Event worker is created as soon as annotator detects e=True or event=True param.

# with annotation - function becomes worker target
from neotasker import background_worker

@background_worker(e=True)
def f(task, **kwargs):
    print('happened')

# with class
from neotasker import BackgroundEventWorker

class MyWorker(BackgroundEventWorker):

    def run(self, *args, **kwargs):
        print('happened')


f.start()
worker3 = MyWorker()
worker3.start()
f.trigger_threadsafe()
worker3.trigger_threadsafe()

trigger_threadsafe method is used to put task into worker’s queue. The method is thread-safe.
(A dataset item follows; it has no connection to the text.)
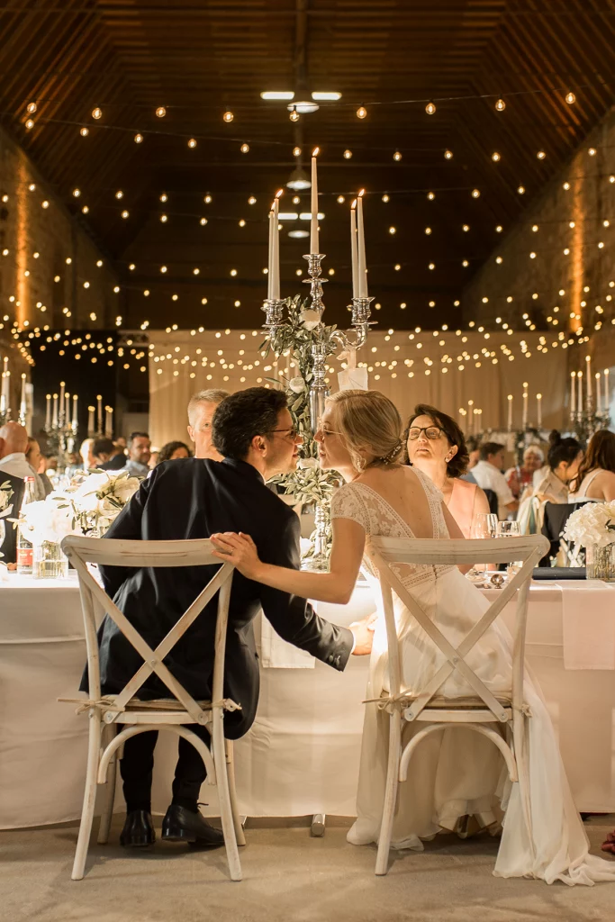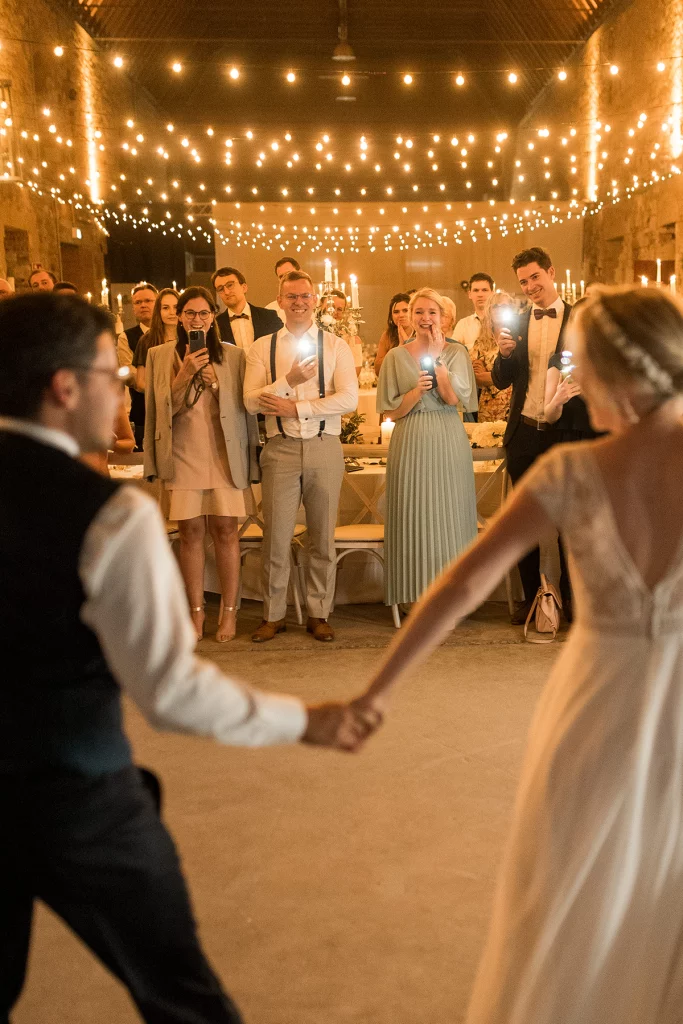 Um die romantische Stimmung noch zu verstärken, waren unendlich viele Lichterketten in der Stallung angebracht. Das Lichtermeer tauchte den Raum in einen warmen Glanz und sorgte dafür, dass die Feier bis in die Nacht hinein ihre bezaubernde Atmosphäre behielt.
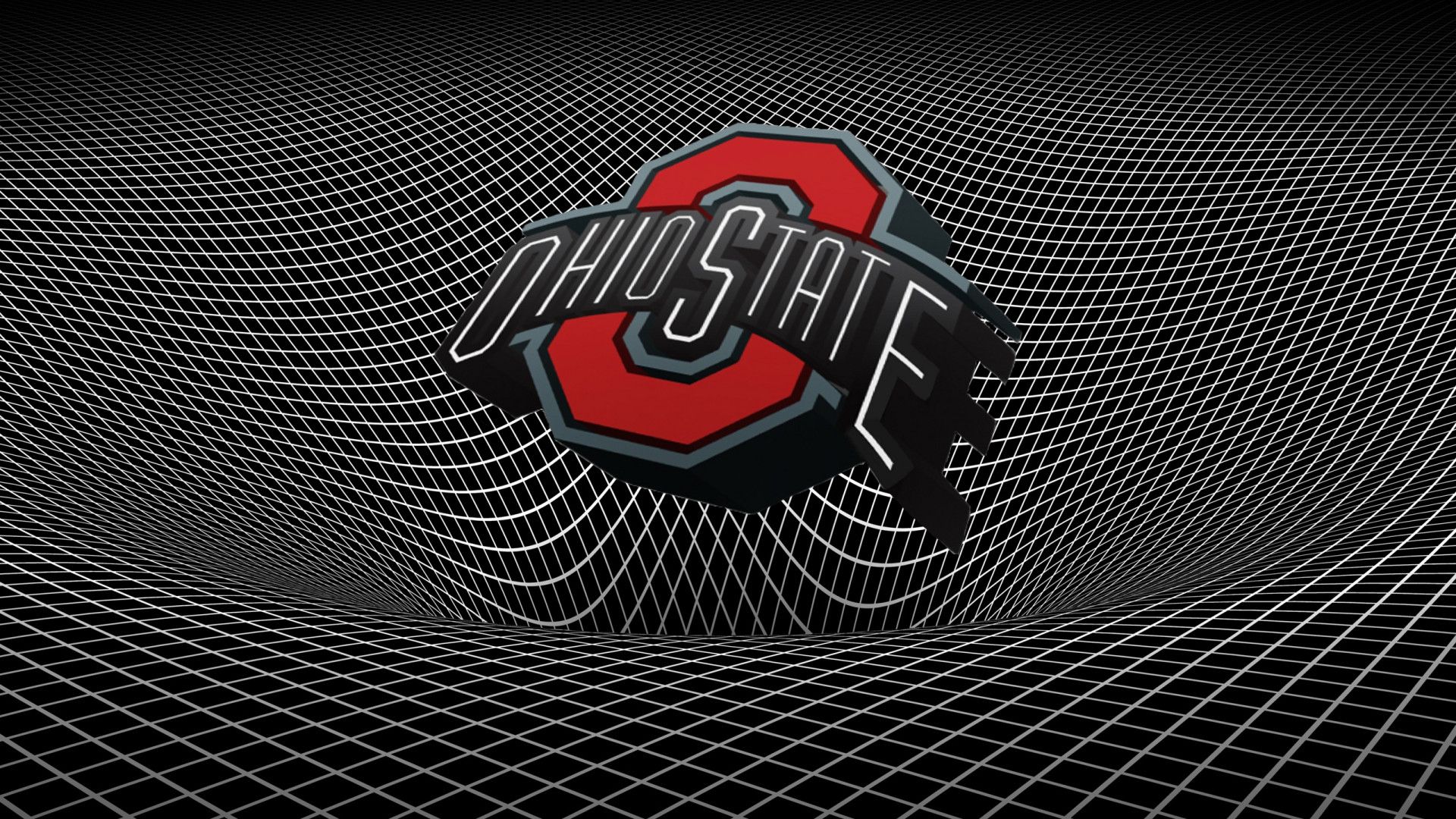 Description: A black and red logo with the word ohio on it in a black background with a grid pattern and a red and white logo.

If worker is triggered from the same asyncio loop, trigger method can be used instead.

BackgroundIntervalWorker

Background worker which runs synchronous or asynchronous target function with the specified interval or delay.

Worker initial parameters:

  • interval run target with a specified interval (in seconds)
  • delay delay between target launches
  • delay_before delay before target launch

Parameters interval and delay can not be used together. All parameters can be overriden during startup by adding _ prefix (e.g. worker.start(_interval=1))

Background interval worker is created automatically, as soon as annotator detects one of the parameters above:

@background_worker(interval=1)
def myfunc(**kwargs):
    print('I run every second!')

@background_worker(interval=1)
async def myfunc2(**kwargs):
    print('I run every second and I am async!')

myfunc.start()
myfunc2.start()

As well as event worker, BackgroundIntervalWorker supports manual target triggering with worker.trigger() and worker.trigger_threadsafe()

Sometimes it’s required to call worker target function manually, without triggering - in example, to return result to the user. If you want interval worker to calculate the next scheduled execution from the time when target function was manually executed, use skip=True parameter when triggering:

def apifunc_trigger_worker_manually():
   myfunc2.trigger_threadsafe(skip=True)
   return myfunc2.run()

The call acts exactly like usual triggering, except worker skip the next target function execution once.